Problem (Kernelization of $k$-means) $\quad$ Let $\mathcal{X}$ be a set and consider a PSD kernel $K$ on $\mathcal{X}$ with corresponding RKHS $\mathcal{H}$ and feature map $\varphi$. The goal of this exercise is to show that, given a set of observation $x_1, \ldots, x_n$ in $\mathcal{X}$, we can consider solving the $k$-means problem on $\mathcal{H}$ with observations $\varphi\left(x_1\right), \ldots, \varphi\left(x_n\right)$ only through the manipulation of the Gram matrix $G:=\left(K\left(x_i, x_j\right)\right)_{i j}$. For this, we recall that the loss function of the $k$-means problem is given by $$ L\left(c_1, \ldots, c_k\right):=\sum_{i=1}^n \min _{j=1, \ldots, k}\left\|\varphi\left(x_i\right)-c_j\right\|_{\mathcal{H}}^2, $$ where $c_1, \ldots, c_k \in \mathcal{H}$.
- Show that $$ L\left(c_1, \ldots, c_k\right)=\sum_{i=1}^n\left\|\varphi\left(x_i\right)-c_{s_i}\right\|_{\mathcal{H}}^2, $$ where $s_i=\arg \min _j\left\|\varphi\left(x_i\right)-c_j\right\|_{\mathcal{H}}^2$.
- Show that the map $c \mapsto \sum_{i=1}^n\left\|\varphi\left(x_i\right)-c\right\|_{\mathcal{H}}^2$ is minimized when $c=\frac{1}{n} \sum_{i=1}^n \varphi\left(x_i\right)$. Beware that $\mathcal{H}$ may be an infinite dimensional Hilbert space, so you cannot faithfully rely on gradient computation as we usually did on $\mathbb{R}^d$.
- Introducing $C_j:=\left\{i, s_i=j\right\}$ for $j=1, \ldots, k$, deduce that minimizing (9) boils down to minimizing $$ \left(s_1, \ldots, s_n\right) \mapsto \sum_{i=1}^n\left\|\varphi\left(x_i\right)-\frac{1}{\left|C_{s_i}\right|} \sum_{j \in C_{s_i}} \varphi\left(x_j\right)\right\|_{\mathcal{H}}^2, $$ where $s_1, \ldots, s_n$ are now variables in $\{1, \ldots, k\}$.
- Deduce that performing $k$-means in $\mathcal{H}$ boils down to an optimization problem on $\left(s_1, \ldots, s_n\right)$ that only requires the knowledge of $K$. Note: you can reach a simple formula after careful simplification. Nonetheless, the optimization problem remains highly non-trivial.

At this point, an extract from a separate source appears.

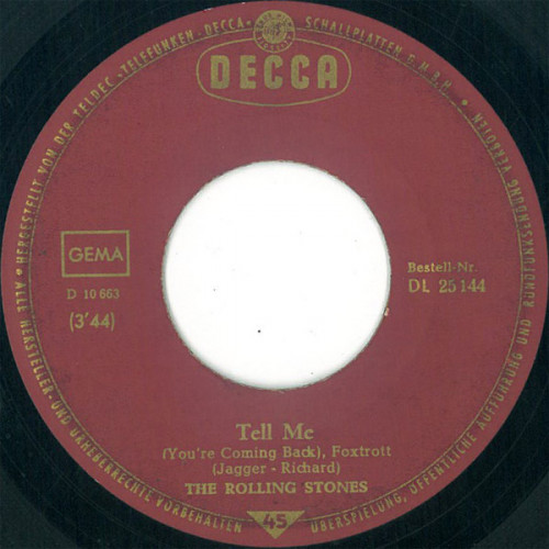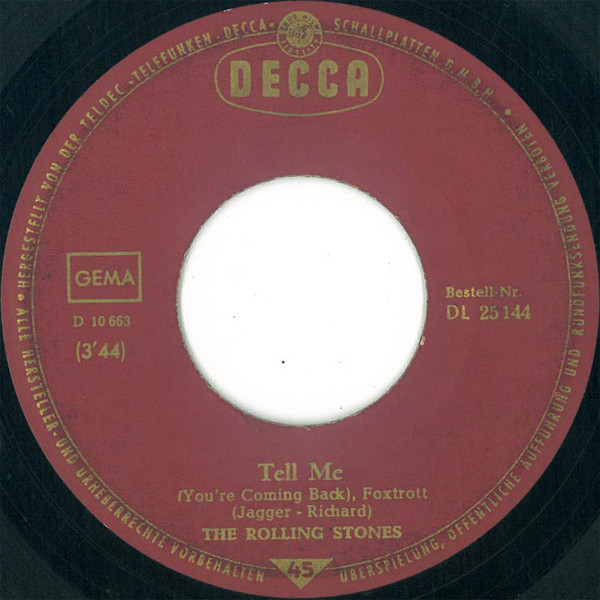 Matrix B: D 10 663 Composer A: B. & S. Womack Composer B: Jagger - Richard Original Label A: Decca F.11934 Original Label B: Decca LK. 4605 1. Pressung: Five Head Cover ohne Diskografie nur mit Text Vollgold Decca-Emblem 2. Pressung: Five Head Cover mit Diskografie, Text und schwarzem Strich unter "The Rolling Stones" Vollgold Decca-Emblem 3. Pressung: Five Head Cover ohne Diskografie nur mit Text normales Decca-Eblem 4. Pressung: Five Head Cover mit Diskografie, Text und schwarzem Strich unter "The Rolling Stones" normales Decca-Emblem 5. Pressung: Weisser Balken-Cover mit kurzer Diskografie normales Decca-Emblem 6. Pressung: Weisser Balken-Cover mit langer Diskografie normales Decca-Emblem Eventuell gibt es das "Weisse Balken-Cover" auch noch mit Diskografie, Text und dem schwarzem Strich unter "The Rolling Stones"!!! 7. Pressung: London-Nachpressung von 1989 (London 882 148-7) 8. Pressung: London-Nachpressung von 1990 (London 882 148-7) |

This is an exercise in my class and I am doing it. I have a question in 2 about how to find the minimizer in case of infinite dimension Hilbert space. I hope everyone can give me some hints.
Hint: Assume that the average is not the minimizer. Then, using properties of the inner product, simplify the cost to arrive at a contradiction.
Solution: Let $h_1, \dots, h_n$ be any collection of points in some (potentially infinite-dimensional) Hilbert space $\mathcal{H}$. Denote by $\bar h = \frac1n \sum_{i=1}^n h_i$ their average. Assume that $\bar h$ is not the minimizer of the map $$ h \mapsto \sum_{i=1}^n \|h_i - h\|^2 $$ In that case, there exists some $\epsilon \in \mathcal{H}\setminus\{0\}$ such that $\bar h + \epsilon$ is the minimizer. Then, the following holds: $$ \sum_{i=1}^n \|h_i - \bar h - \epsilon\|^2 = \\ \sum_{i=1}^n \|h_i - \bar h\|^2 + \| \epsilon\|^2 + 2 \langle \epsilon, h_i - \bar h \rangle = \\ \left( \sum_{i=1}^n \|h_i - \bar h\|^2 \right) + n \|\epsilon\|^2 + 2 \langle \epsilon, \sum_{i=1}^n h_i - n \bar h \rangle = \\ \left( \sum_{i=1}^n \|h_i - \bar h\|^2 \right) + n \|\epsilon\|^2 > \\\sum_{i=1}^n \|h_i - \bar h\|^2 $$ Which gives a contradiction to our assumption that $\bar h + \epsilon$ was the minimizer.